Use RACE when you are writing quickly and want a mental checklist. Run the result through the scorer when you want to see exactly which dimension is still soft.

Key takeaways

  • RACE stands for Role, Action, Context, Expectation.
  • Role sets the register, Action names the task with a concrete verb, Context supplies the background, Expectation defines the shape of the answer.
  • It is a mental checklist, not a rigid template: write a natural brief that covers all four.
  • Add a worked example to cover the one thing RACE leaves out, and you have the full seven-dimension picture.

See how your prompt scores

Paste any prompt into the free Promptrace scorer and get an instant breakdown across all seven dimensions. No signup.

Open the prompt scorer →

Frequently asked questions

What does RACE stand for in prompt engineering?

RACE stands for Role, Action, Context, and Expectation. You assign the model a role, state the action you want with a concrete verb, supply the context it needs, and describe the expected output. It is a four-part checklist for writing clear prompts.

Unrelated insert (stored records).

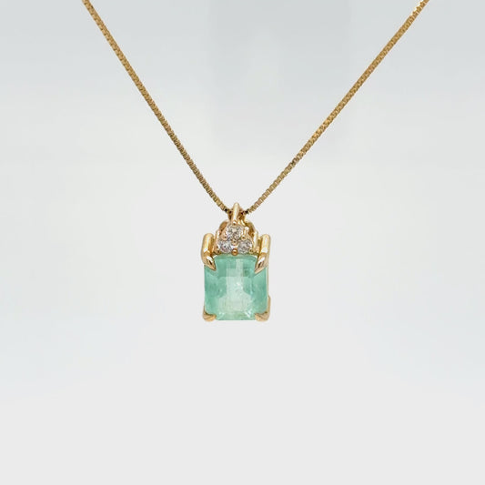 1.88 Carat Colombian Emerald Pendant Necklace 9K Yellow Gold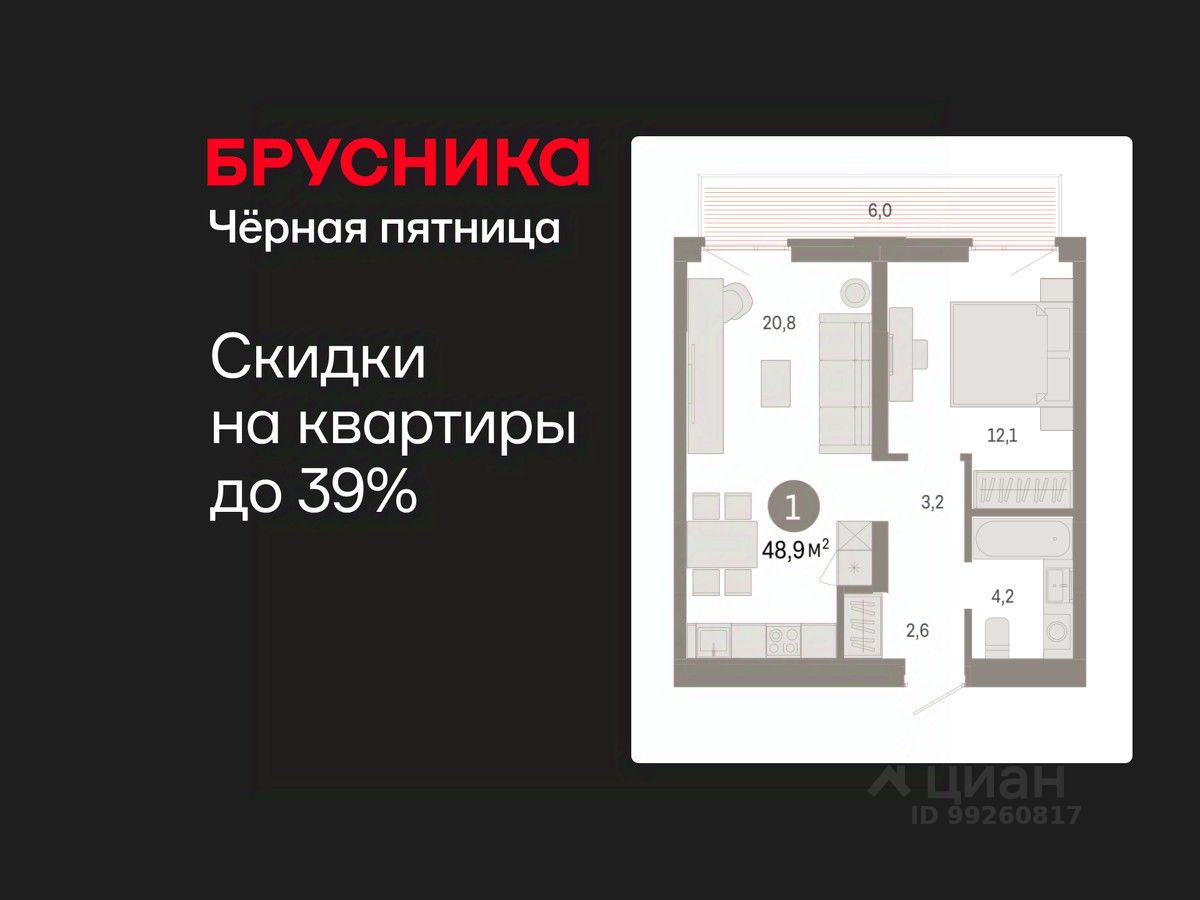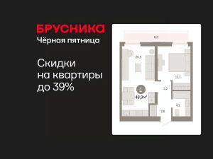 Однокомнатная квартира с предчистовой отделкой в ЖК "Республики 205" на 6 этаже. Общая площадь: 48.88 кв.м., жилая: 12.1 кв.м., площадь просторной кухни-гостиной: 20.8 кв.м. Все окна выходят на одну сторону. В квартире один балкон, один совмещенный санузел. Высота потолков 2.7 м.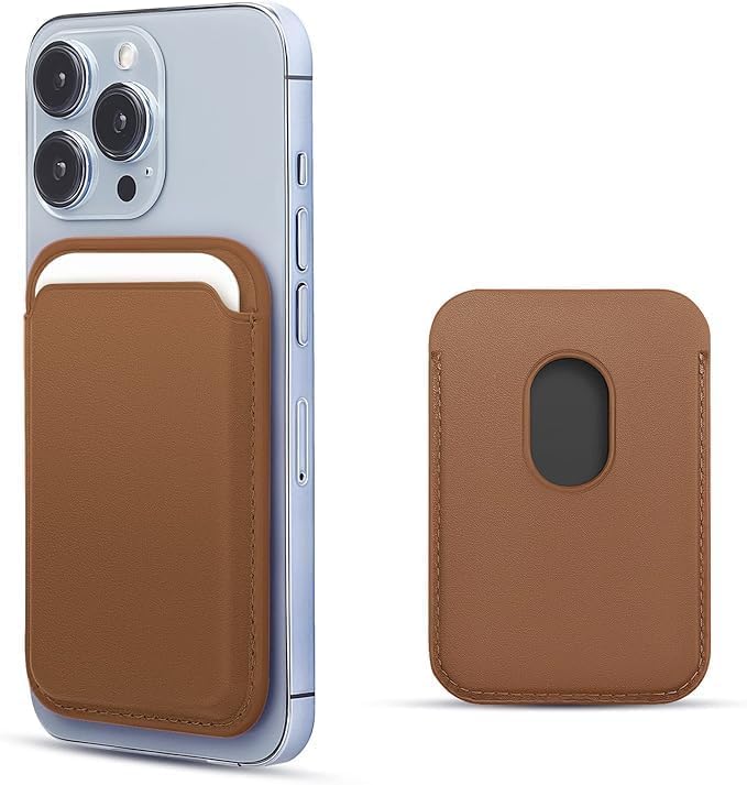 [Deri Manyetik Cüzdan] Mag-safe For Uyumlu Deri Mıktanıslı Mikro Dokuma Kartlık (Kahverengi)-10%

Is the RACE framework better than CRISPE?

Neither is strictly better; they suit different moments. RACE is shorter and faster to apply in your head, which makes it a good default. CRISPE adds a personality step and an experiment step, so it is useful when tone matters a lot or when you want the model to generate several variations to compare.

Does RACE work with Claude and Gemini as well as ChatGPT?

Yes. RACE describes how to brief any capable large language model, so it works the same way with Claude, Gemini, Llama, Mistral, and ChatGPT. The framework is about the information you supply, not about model-specific syntax.